The FCPA, when enacted, directed the Attorney General to establish a procedure to provide responses to specific inquiries by those subject to the FCPA concerning conformance of their conduct with the DOJ’s “present enforcement policy.”
However, it’s been a while since a DOJ FCPA opinion was released. To be specific, the last time the DOJ issued a so-called FCPA opinion procedure release was November 7, 2014. This represents the longest gap in the history of the program.
This post provides a general overview of the DOJ’s FCPA Opinion Procedure Release Program and highlights reasons why it has largely been viewed as a useless program despite DOJ efforts (including recently) to encourage greater use.

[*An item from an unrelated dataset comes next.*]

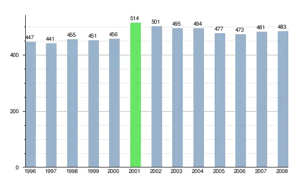 Zmiany liczby ludności w miejscowości Smolnícka Huta od 1996 roku[8].

Pursuant to the governing regulations of the so-called DOJ Opinion Procedure Release Program, only “specified, prospective—not hypothetical—conduct” is subject to a DOJ opinion. While the DOJ’s opinion has no precedential value, its opinion that contemplated conduct conforms with the FCPA is entitled to a rebuttable presumption should an FCPA enforcement action be brought as a result of the contemplated conduct.
Since the program went live in 1980, the DOJ has issued approximately sixty releases on a wide range of issues from charitable contributions to gifts, travel and entertainment, to third parties.

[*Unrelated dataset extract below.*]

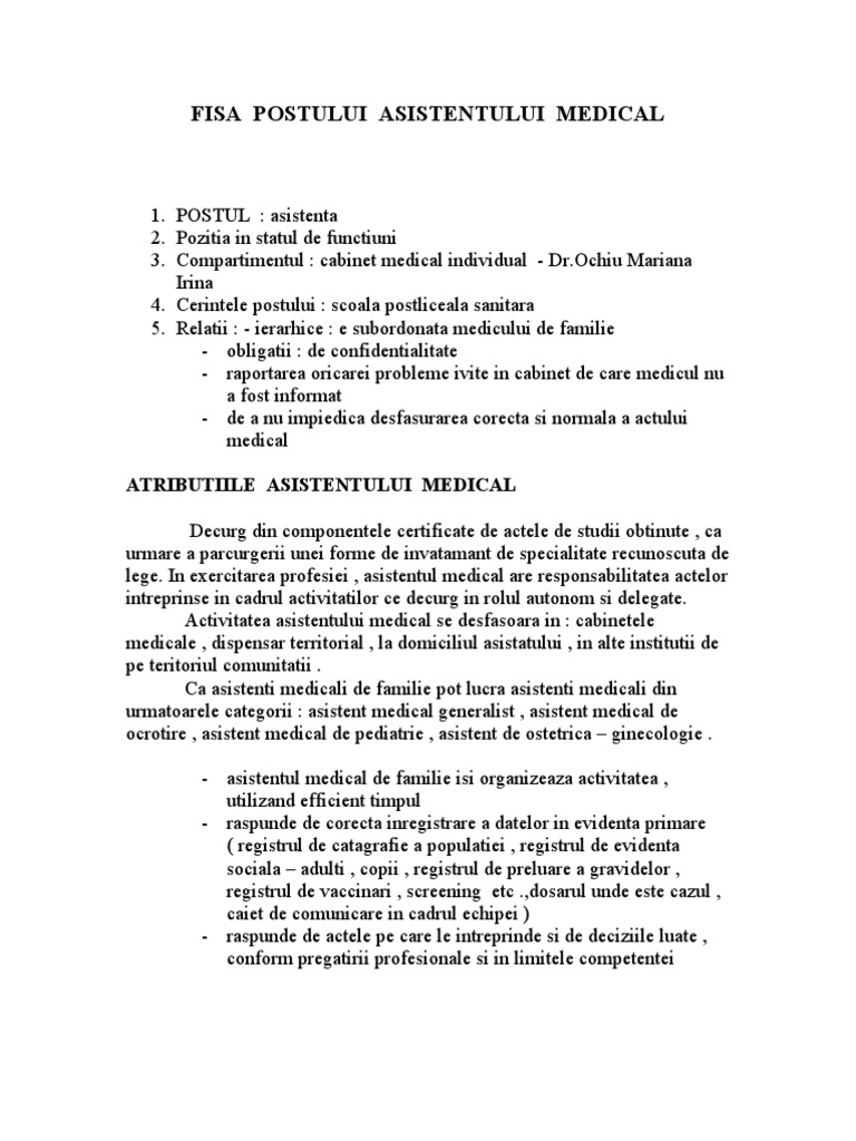 Fisa Post Asistent Medical Generalist Pl Marius Nasta Ro A Prin Studiu Individual Sau Alte Forme De Educatie Continua Si Conform Ceringelor Planifica Interventiile Pdf Document

Nevertheless, the Opinion Procedure Release Program is rarely utilized by business organizations subject to the FCPA and it is generally viewed as an ineffective source of FCPA information (among other reasons, the real human beings who drafted the releases are long gone from the government – a deficiency of all forms of “who occupies the seat now” forms of government guidance).
In its 2010 review of FCPA enforcement, the OECD stated:
“So far, the FCPA Opinion Procedure has been used very little by the private sector to obtain DOJ advice on prospective transactions. […] The non-governmental participants in the on-site meetings cited several reasons for the infrequent use of the Opinion Procedure. For instance, legal and private sector representatives felt that the Opinion Procedure is only useful in limited situations where the prospective fact situation is narrow and not going to change. They also find that the response time, which is 30 days after the request is complete, is too long in certain situations, such as entering joint ventures and mergers and acquisitions, where a company normally needs to make decisions relatively quickly. […] The most pervasive concern of the private sector representatives was that availing themselves of the Opinion Procedure could expose them to potential enforcement actions by the DOJ, as well as provide competitors with information about their prospective international business activities.”
As to the time periods, the last FCPA Opinion released by the DOJ took, from start to finish, approximately six months (see here). Prior to this, another FCPA Opinion released by the DOJ took, from start to finish, approximately eight months (see here), another two months (see here), and another seven months (see here). If the FCPA opinion procedure program is ever again to gain utility, the DOJ must issue opinions more promptly (but then again it must resolve instances of FCPA scrutiny more promptly than the current 4.5 year average).
Even though the DOJ states in the FCPA Guidance that the Opinion Procedure Program “is a valuable mechanism for companies and individuals to determine whether proposed conduct would be prosecuted by DOJ under the FCPA,” for the reasons mentioned above the program is largely viewed as being useless.
Nevertheless, the DOJ has long encouraged business organizations to use the program.
For instance, in this 2006 speech Assistant Attorney General Alice Fisher stated:
“Over the years, the FCPA opinion procedure has generally been underutilized, with only a handful of opinions being requested each year. But as Assistant Attorney General, I want the FCPA opinion procedure to be something that is useful as a guide to business. It serves both of our interests to avoid FCPA violations before they occur, and the opinion procedure is one way to make that happen.”
See here for a recent FCPA Flash podcast with Fisher (now in private practice) in which she further discusses the opinion procedure program.
As highlighted in this prior post, in July 2018 Deputy Assistant Attorney General Matthew Miner stated:
“[N]ot enough companies are taking advantage of [the opinion procedure process]. I’ve recently reviewed the list, and the most recent incident of use is from 2014. That shouldn’t be the case. […] In our view, the opinion process is a tremendous resource and we want to encourage greater use of it going forward.”
In the meantime, the FCPA community waits.